A trilogy about a youth’s search for belonging finds its completion in a moody, lyrical, deeply life-affirming final installment.
In his Trilogy About the Boy, Stefánsson follows an unnamed teenage orphan—poetically gifted and deeply sensitive—through trauma and loss, toward a fragile sense of safety and belonging. In the earlier volumes, Heaven and Hell (2025) and The Sorrow of Angels (2025), the boy witnesses his best friend’s death in a fishing accident and nearly dies while accompanying a postman across Iceland’s harsh west fjords. The last we saw them, they were tumbling down a snowy mountain with a coffin in tow. In this final installment, they survive—just barely—and recover under the care of locals before returning to the Village, a remote Icelandic port town where passions and prejudices collide in a landscape “scorched by volcanic fire and blasted by wind but with green valleys like dreams…” The book starts slowly, meandering through the pair’s recovery but gaining momentum in its second half. Still mourning, the boy begins to thaw, like the land around him, drawn to a fiery redheaded woman who helps nurse him and, back home, to Ragnheiður, daughter of the petty merchant Friðrik, who feels contempt for the boy’s lower social status even as she’s drawn to him. Torn between grief and desire, he realizes his heart is “divided into two compartments, one called happiness, the other despair.” Stefánsson excels at capturing the rhythms of village life—the gossip, grief, and constant threat of sea and storm—while offering moody reflections on life and death in a place shaped by the forces of nature. What’s also forceful is the power of language.

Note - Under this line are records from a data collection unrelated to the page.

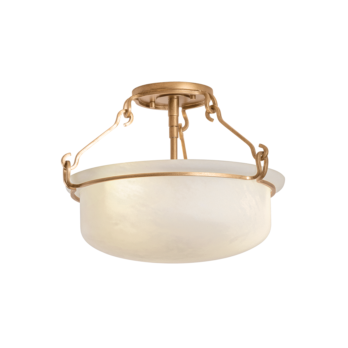 Reimagining a vintage design with looping metalwork, the Lowerre semi-flush mount brings just the right amount of style to your ceiling. A wide, low-profile shade in matte cloud glass recalls the familiar shape of an antique mason jar. Finished in Patina Gold Leaf, the oversized loop-and-hook suspension nods to the decorative swirls of the Art Nouveau era. Available in two sizes, Lowerre will set a soft ambience in a living room or hallway.
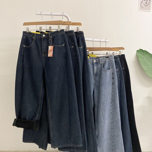 허니제이 / 2가지길이 필리드 기모 사이드 절개 와이드 데님 팬츠(3color)
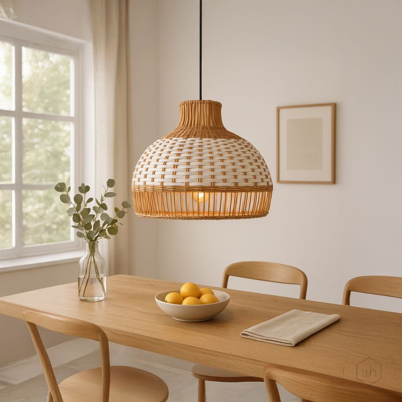 Yes, the combination slightly softens the light, with the white weave brightening the glow and the natural rattan adding a warm undertone.
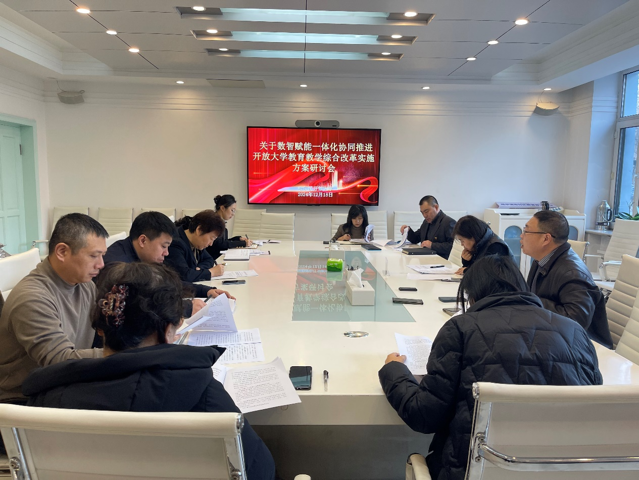 参会部门负责人围绕国家开放大学《关于印发〈数智赋能一体化协同推进开放大学教育教学综合改革实施意见〉的通知》(国开教[2024]2号),结合学校实际情况及本部门具体工作开展研讨,逐项讨论分析工作方案提出意见。
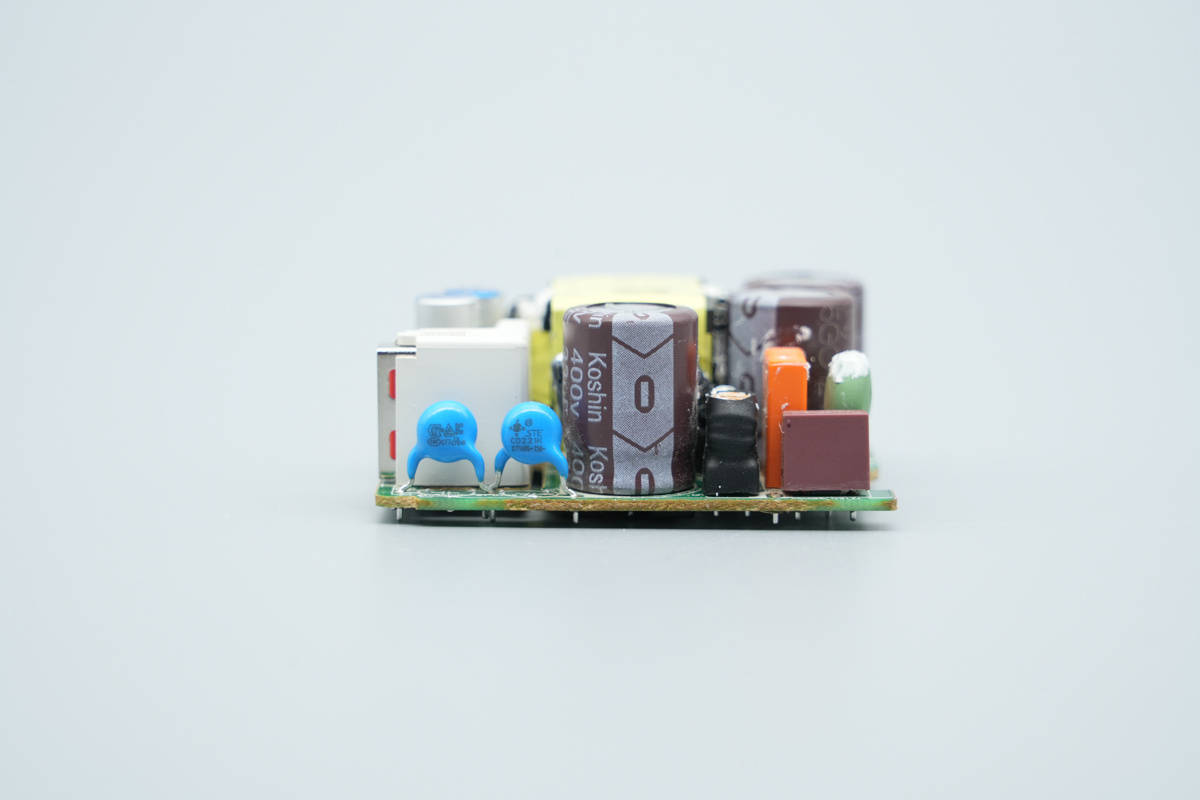 充电器内部高压滤波电容来自东佳,输出采用绿宝石固态电容滤波,内部做工用料扎实可靠。得益于南芯科技的全套快充芯片方案,充电器实现了初次级芯片的高效协同,使得该充电器在待机状态下达到极低的功耗,从而满足了对零待机功耗的设计需求。
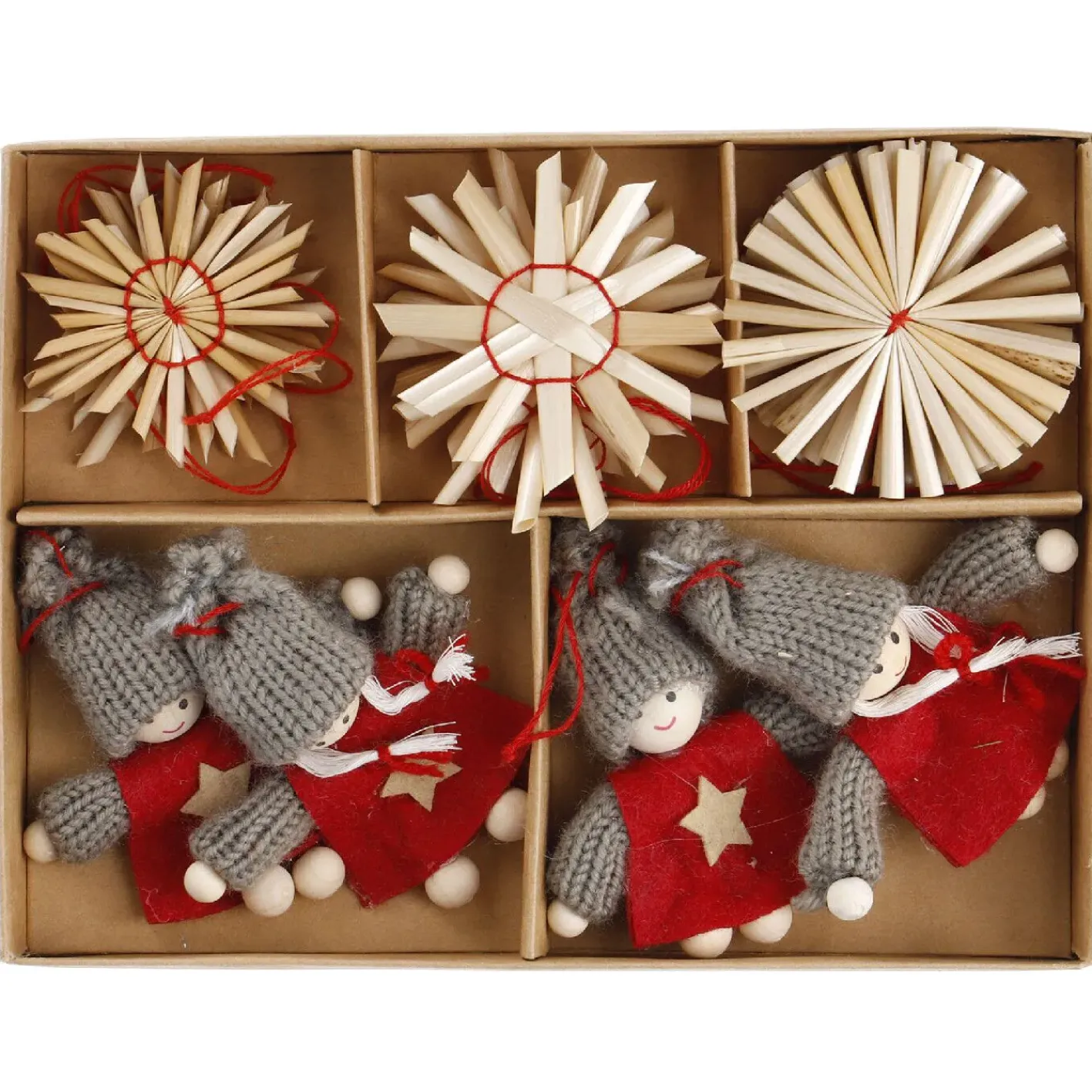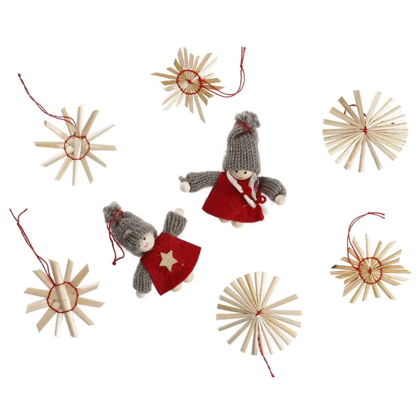 NANU-NANA 16er Set Strohanhänger Mädchen/Sterne, Rot/grau
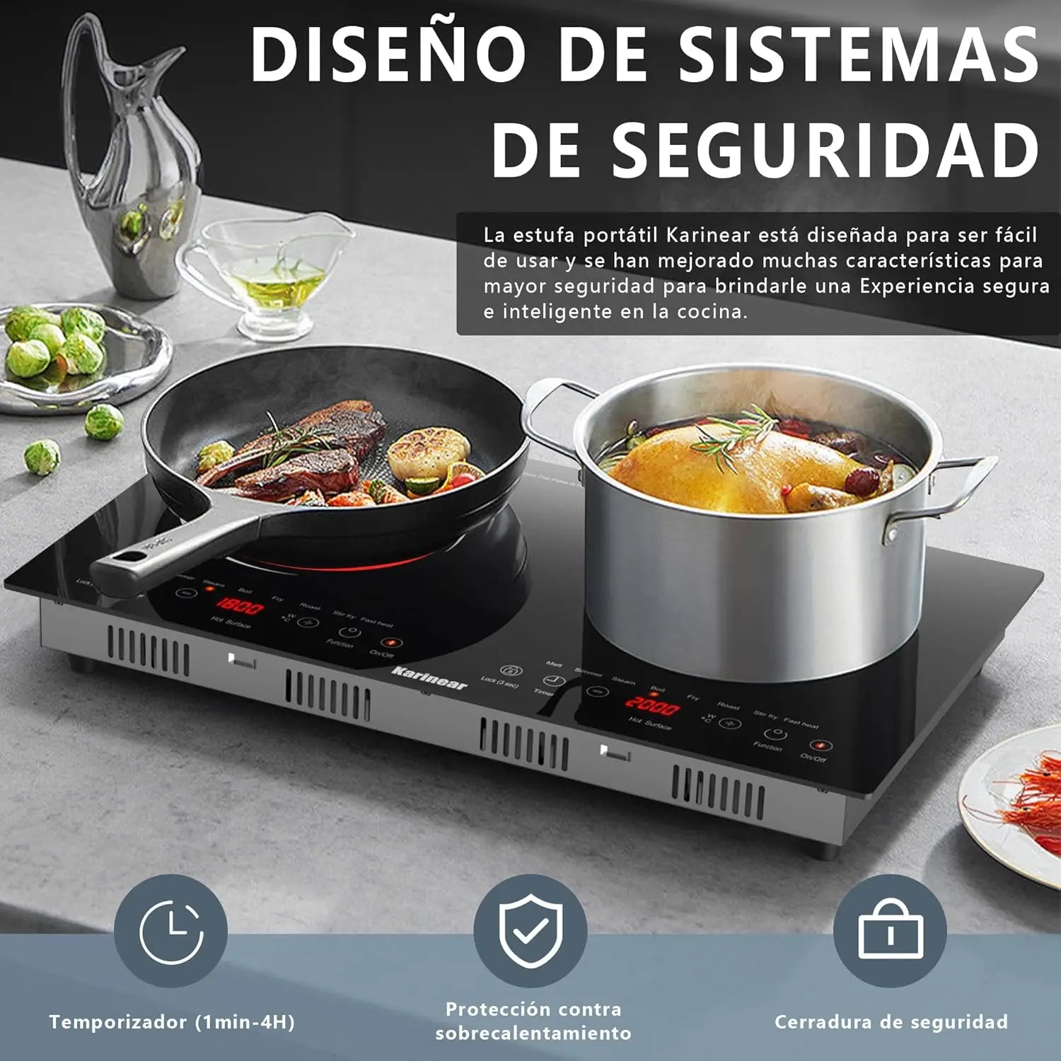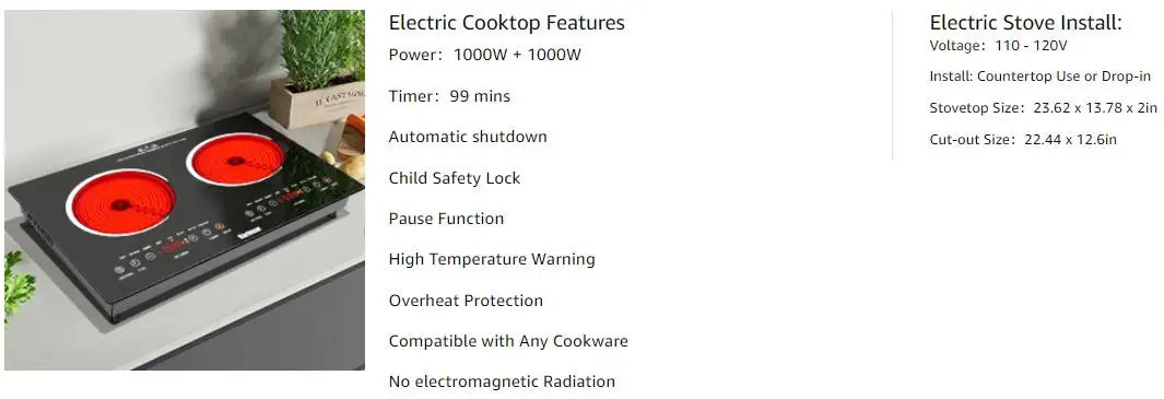 - Kompatibel mit 110–120V und 220–240V Spannungsbereichen, sodass das Kochfeld in verschiedenen Haushaltssituationen und Regionen einsetzbar ist.

Words surround the poetry-struck boy like fog creeping in from the sea. “Words are not lifeless rock or gnawed, wind-whitened bones up in the mountains,” writes Stefánsson. They “can grow distant over time and be transformed into museums that house the past, what is gone and will never return”—something not just true of the books the boy reads, but of this one, too.
An engrossing tale as brooding, unpredictable, and invigorating as the sea and storms affecting the characters’ lives.